WHAT YOU ARE ASKED TO DO: Within the entries below, the lines from the one with "チャペルに隣接するカリオンガーデンにて、ゲストからフラワーシャワーの祝福を" through the one with "Selecione o certificado" are to be set down exactly, both ends kept.
(MATERIAL FOR THIS TASK begins)
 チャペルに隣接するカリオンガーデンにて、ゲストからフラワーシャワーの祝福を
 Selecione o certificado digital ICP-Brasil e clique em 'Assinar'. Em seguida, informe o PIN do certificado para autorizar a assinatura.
(MATERIAL FOR THIS TASK ends)
(MATERIAL FOR THIS TASK begins)
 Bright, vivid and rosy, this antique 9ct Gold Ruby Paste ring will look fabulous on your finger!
(MATERIAL FOR THIS TASK ends)
TASK ANSWER:
 チャペルに隣接するカリオンガーデンにて、ゲストからフラワーシャワーの祝福を
 Selecione o certificado digital ICP-Brasil e clique em 'Assinar'. Em seguida, informe o PIN do certificado para autorizar a assinatura.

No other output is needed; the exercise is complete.